I keep taking on new challenges and forgetting the old ones - not entirely, they niggle at the back of my head, but I let them slide. I started off blogging everyday, then I moved to doing 101 in 1001, then I started Project 365, and then I started the Couch to 5K and ran my first race.
Reinstated
6. Fail Part Two. One more time. Maintain the book ban (no books without trade-in credit) with 5 slips. (15/5) (5/5) (0/5)
3. Read 50 children's books. (57/50)(32/25)(0/25)
The Giraffe The Pelly and Me, Suddenly!, Esio Trot, The Magic Finger, A Wrinkle in Time, Beezus and Ramona, Ramona and her Father, The Giver, What Mommies Do Best What Daddies Do Best, Play Ball Amelia Bedelia, John Patrick Norman McHennessey, The First Woman Doctor, The Reptile Room, Jacob's Rescue, Flat Stanley, Stanley Flat Again, Sideways Stories from Wayside School, Sadako and the 1000 Paper Cranes, Wayside School Gets A Little Stranger, If I Ran the School, The Enormous Crocodile, Miami Makes the Play, Fairest, The Journey of Peter and Anna, My Name is Not Angelica, Roald Dahl's Revolting Rhymes, Sideways Arithmetic from Wayside School, More Sideways Arithmetic from Wayside School, A Girl Named Disaster, Horrid Henry's Underpants, If You Sailed on the Mayflower in 1620, The Gunpowder Plot
Done!
5. Spend 30 days reading out of the house for at least one hour. (36/30)
7. Go to a book club meeting.
12. Complete a month of posts each year (NaBloPoMo or other month.) (7/3)
15. Complete Postcrossings.
19. Be able to label a map of Africa.
23. Win at any of the quiz nights.
24. Participate in a scavenger hunt.
26. Learn to play a new game (Backgammon, Bridge, etc.)

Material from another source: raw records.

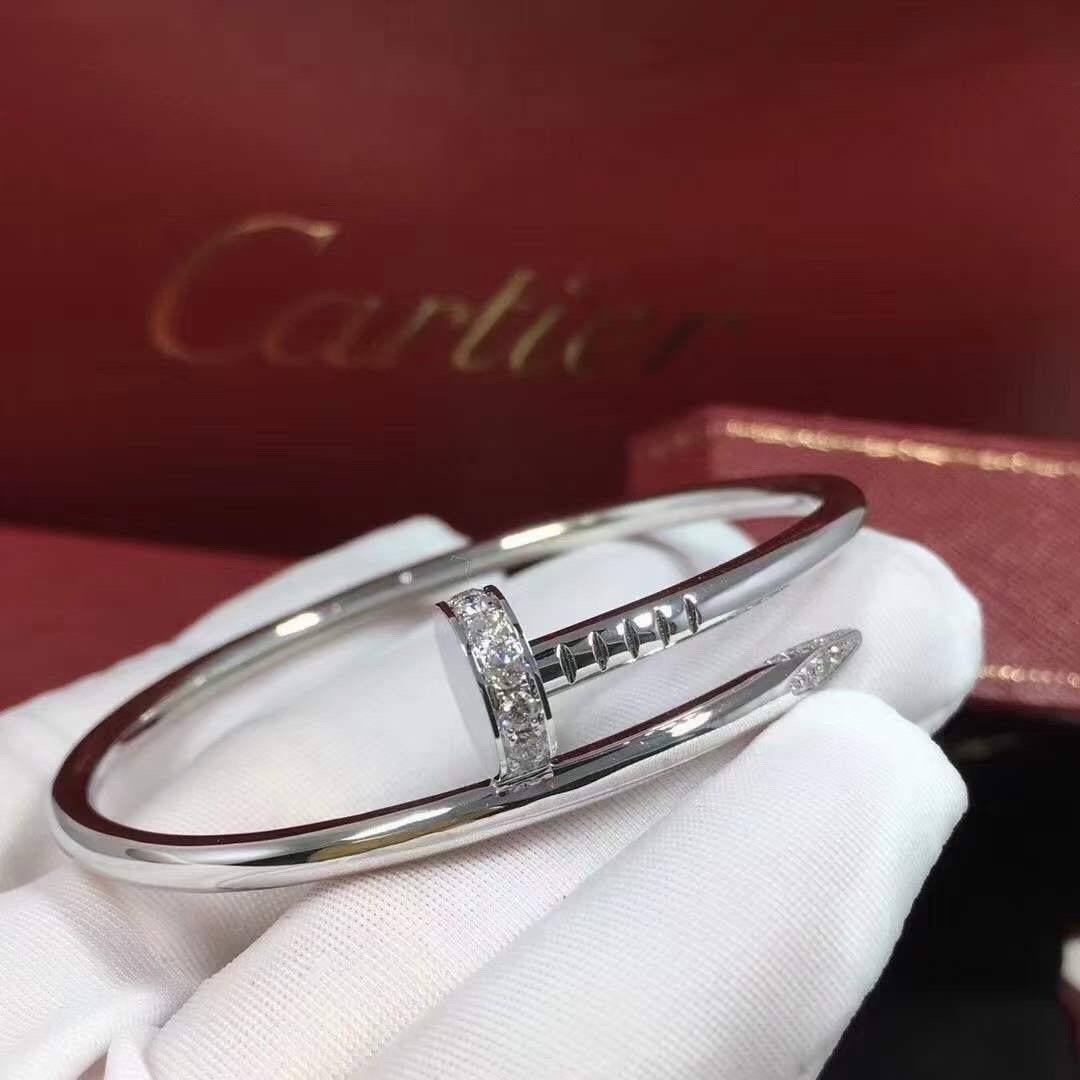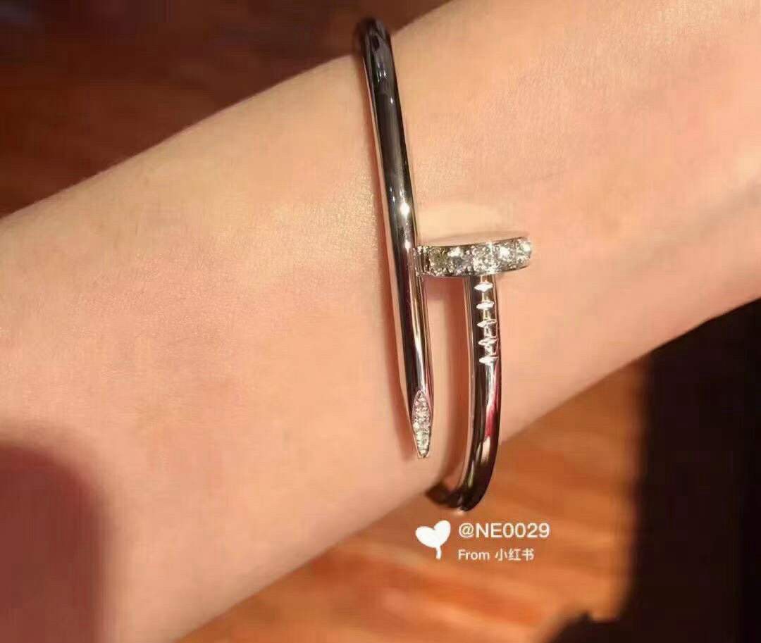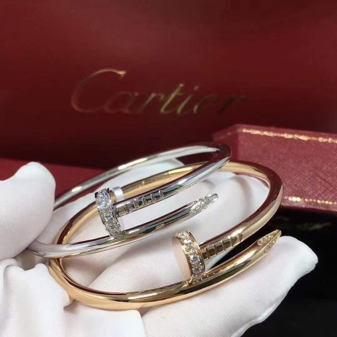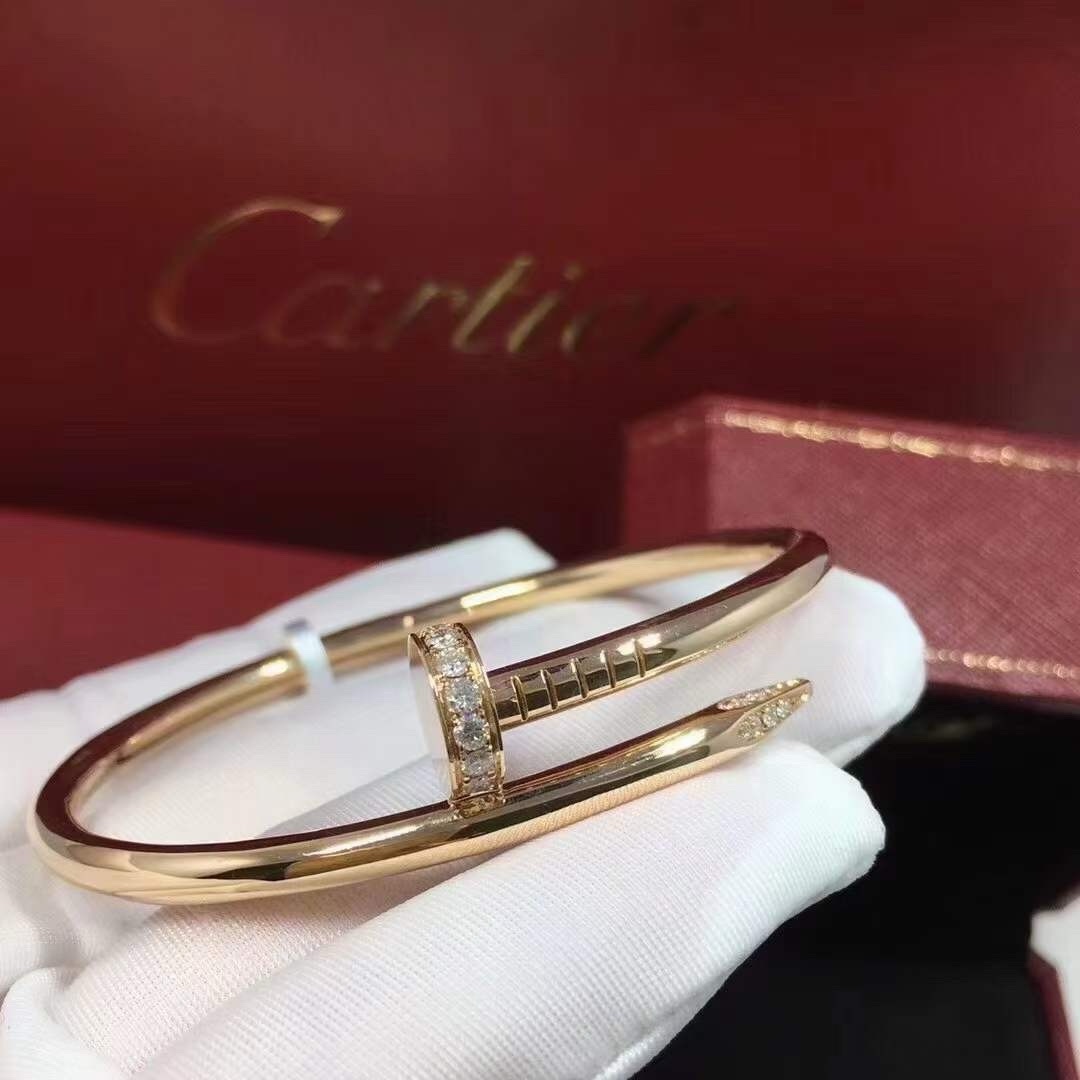 Классический браслет Cartier любим во всем мире. Этот браслет с застежкой-гвоздиком удобнее носить благодаря эластичному механизму открывания. Он классический, но в то же время элегантный и шикарный, украшен бриллиантами на обоих концах. Браслет изготовлен из трех слоев толстого покрытия из розового золота. Шедевр мастерства!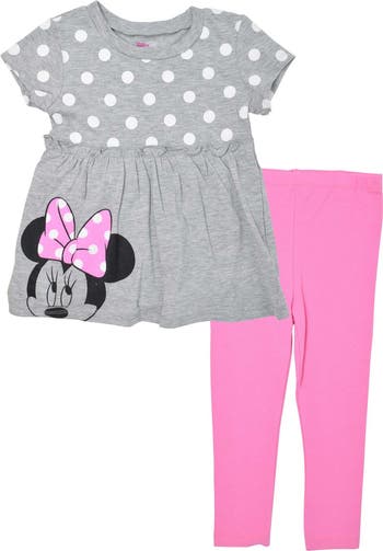 Dress your little one in adorable Disney style with this Minnie Mouse t-shirt and leggings outfit set. Available in sizes for infants to big kids, this cute ensemble features a graphic tee with everyone's favorite mouse and coordinating leggings for a complete look. Perfect for a day at the park or playdates with friends, this outfit is sure to bring smiles and comfort to your child. Get your hands on this charming set today for a magical addition to your child's wardrobe.
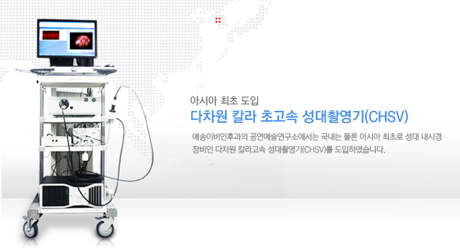예송이비인후과의 공연예술연구소에서는 국내는 물론 아시아 최초로 성대 내시경 장비인 ‘다차원 칼라고속 성대촬영기(CHSV)'를 도입하였습니다. ‘다차원 칼라고속 성대촬영기’는 기존의 흑백으로 촬영 가능한 초고속 성대 촬영기(HSV)와 비교하여 성대의 상세한 칼라 이미지를 제공해줄 뿐만 아니라 초고속 촬영기법(최대 초당 5000프래임)으로 성대진동을 촬영하여 실제 성대 진동양상과 점막파동에 근접한 동영상을 제공해줄 수 있습니다. 초고속 성대 촬영기(HSV)와 후두 스트로브스코피(Rhino-Laryngeal stroboscopy)의 장점을 결합한 ‘다차원 칼라고속 성대촬영기(CHSV)’를 도입함으로써 성대의 기질적 장애군 뿐만 아니라 기능적 장애군에 대한 더욱 확실한 진단이 가능하게 되었습니다.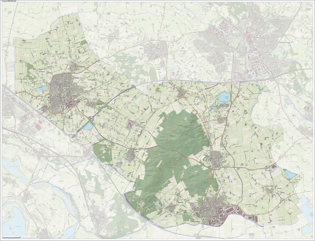 Gemeentekaart Montferland, volgens de veelgebruikte TopoPlus-opmaak. Peildatum: juni 2023.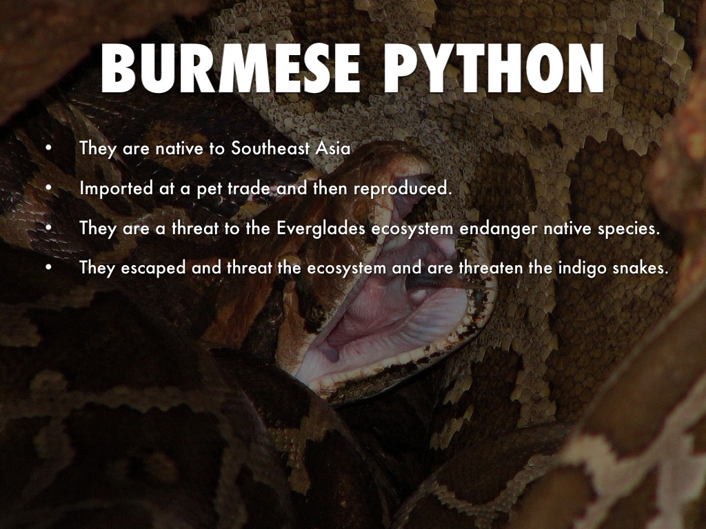 They escaped and threat the ecosystem and are threaten the indigo snakes.
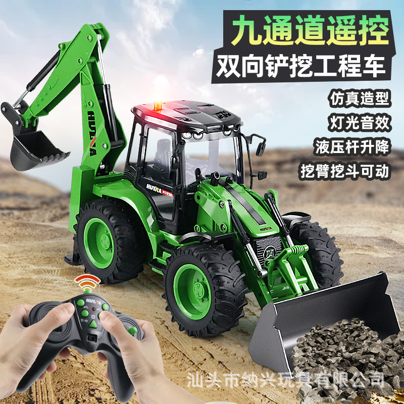 Cross-border mainan model kendaraan teknik simulasi suara dan cahaya mesin kait penggali forklift dua arah bagasi kendali jarak jauh baru
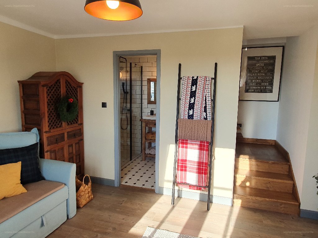 A két lakószint összesen 45nm-es, ahol a magasföldszinten egy konyha-étkező, egy nappali, Fürdő-WC és a lépcsőház, a tetőtérben pedig egy hálószoba található.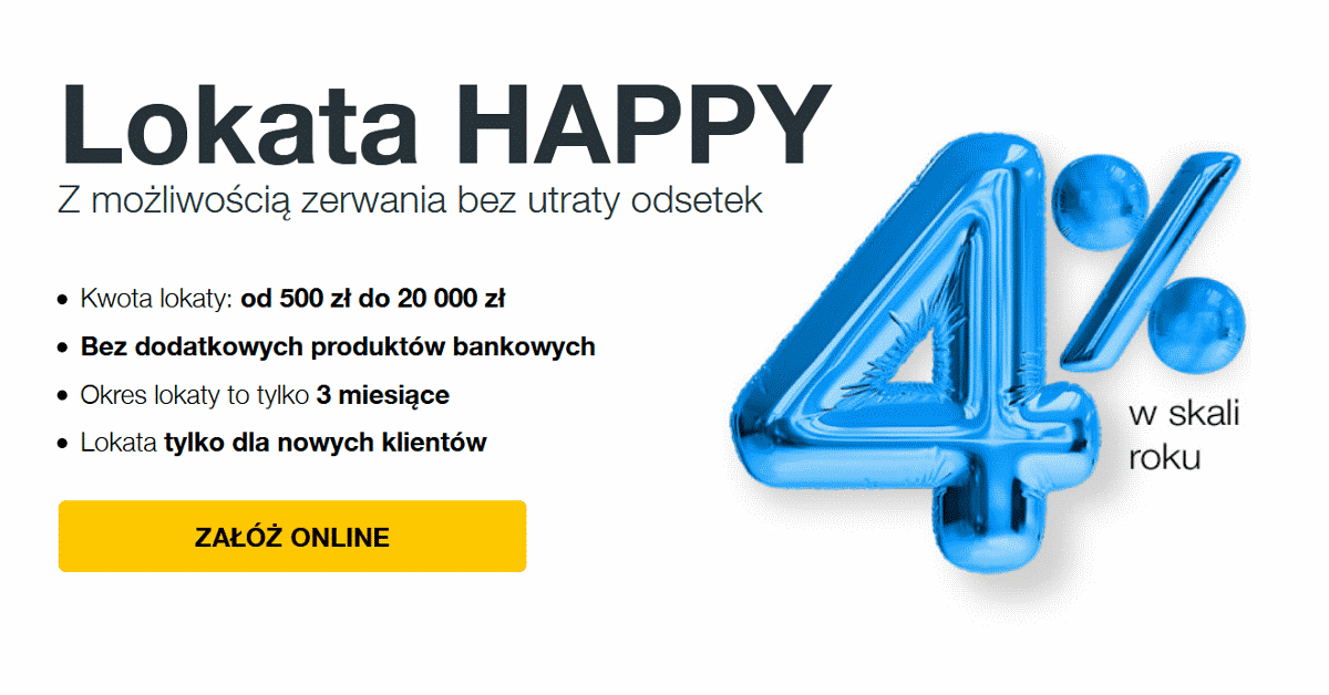 Lokata Happy jest obok Nest Lokaty Witaj na najwyżej oprocentowaną lokatą na rynku. Zarobimy na niej 4% w skali roku.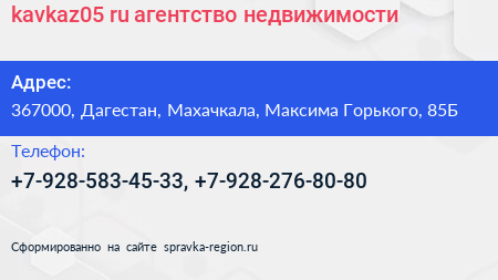 kavkaz05.ru, агентство недвижимости по адресу 367000, Дагестан, Махачкала, Максима Горького, 85Б в дальнейшем Организация, размещена в следующих категориях: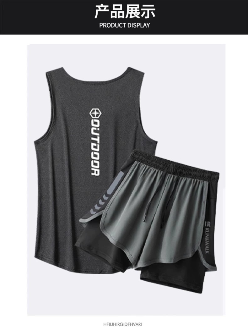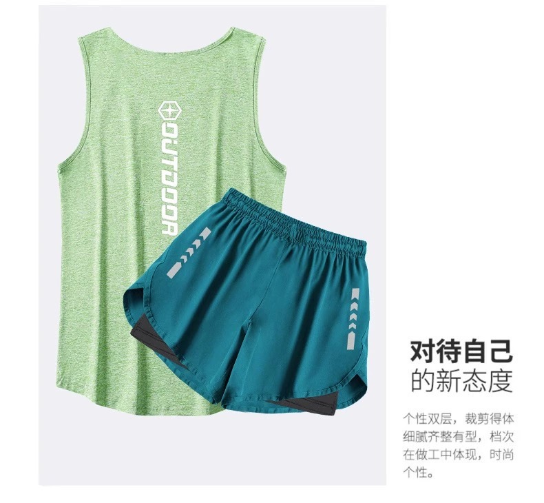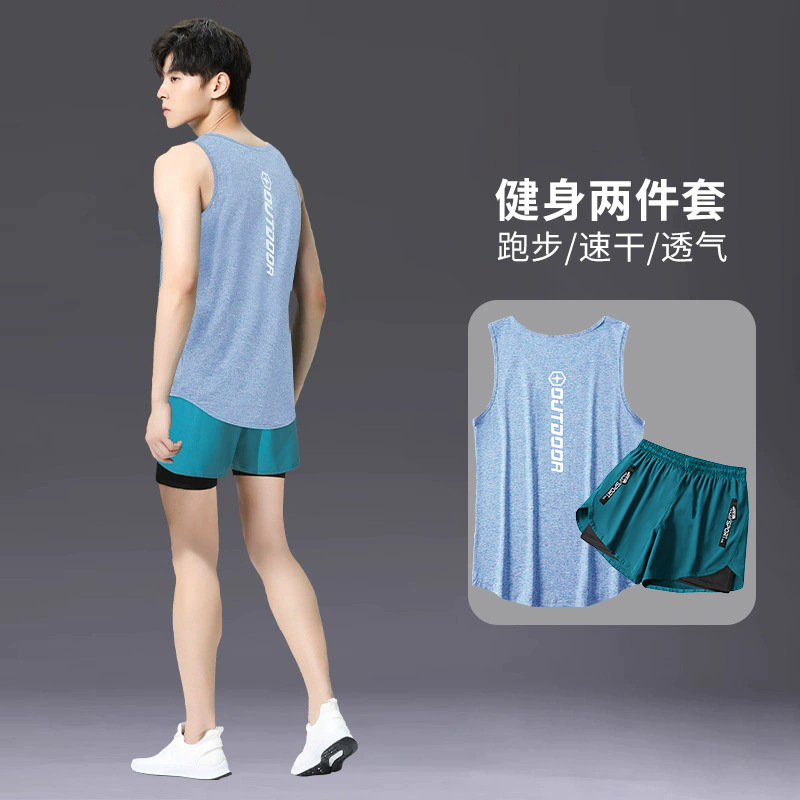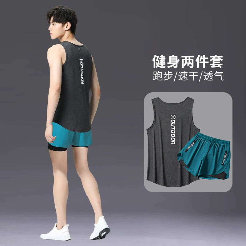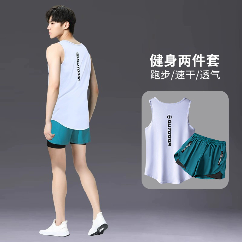 피트니스 옷 남자 조끼 마라톤 육상 여름 훈련 반바지 빠른 건조 달리기 장비 스포츠 세트 빠른 건조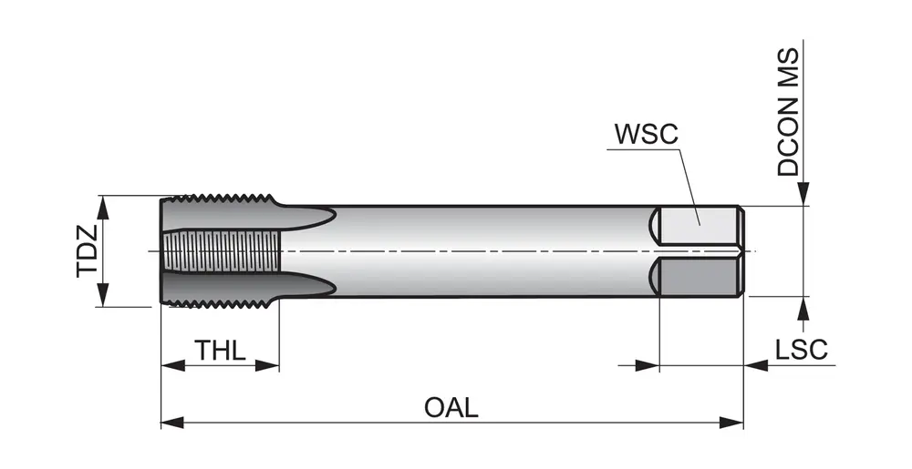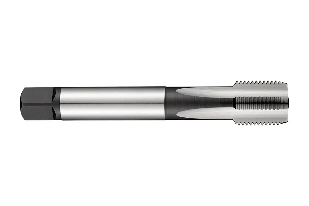 Метчик с прямой канавкой и фаской формы C, с шагом 2-3xP, для трубной резьбы G 3/8" по британскому стандарту с шагом 19 нитей на дюйм и классом точности Normal, размеры по стандарту DIN 5156, с хвостовиком 12,0 мм и квадратным приводом 9,0 мм, из порошковой металлургии HSS-E с блестящей отделкой для нарезания резьбы 1,5xD в сквозных или глухих отверстиях в стали с автоматической и обычной обработкой резанием.

27. Play 5 board games. (5/5)
28. Learn how to do Suduku. And how to spell it.
32. Do something creative - paint a picture, throw a pot, etc.
34. Take a photo every day for a month. (31/31)
35. Take the good camera out once a month. (30/30)
51. Try a new kind of alcohol. chuck and sodja in Togo (spellings are complete guesses!
53. Eat chicken wings in a bar for the first time.
58. Make that chocolate/whip cream dessert from when I was a kid.
59. Make popcorn on the stove.
60. Visit a new continent (South America, Australia, Antarctica, Africa.)
62. Dip my toes into two oceans/seas. (2/2) The Atlantic!
64. Visit a country from the Axis of Evil.
68. Go to a sporting event, a play/opera/ballet, a museum, and an art gallery. (4/4)
69. Take an odd form of trasportation (dog sledding, etc.) Trou-trous are odd.
76. Take the subway to or from work once a week. (44/38) Should add to this one, since I renewed the contrac for a year.
78. Buy a round for the bar.
79. Let Shawn talk me into Hashing once.
82. Go to the dentist.
83. Buy a frickin' toothbrush.
84. Finish all my multivitamins.
87. Buy new glasses.
88. And sunglasses.
90. Go to bed by midnight thirty times. (30/30)
89. Buy a bathing suit.
92. Buy purple underwear.
97. Buy a new iPod.
99. Find a charity I believe in and donate/join a protest for a cause I believe in.
100. Get my damn hair straightened already.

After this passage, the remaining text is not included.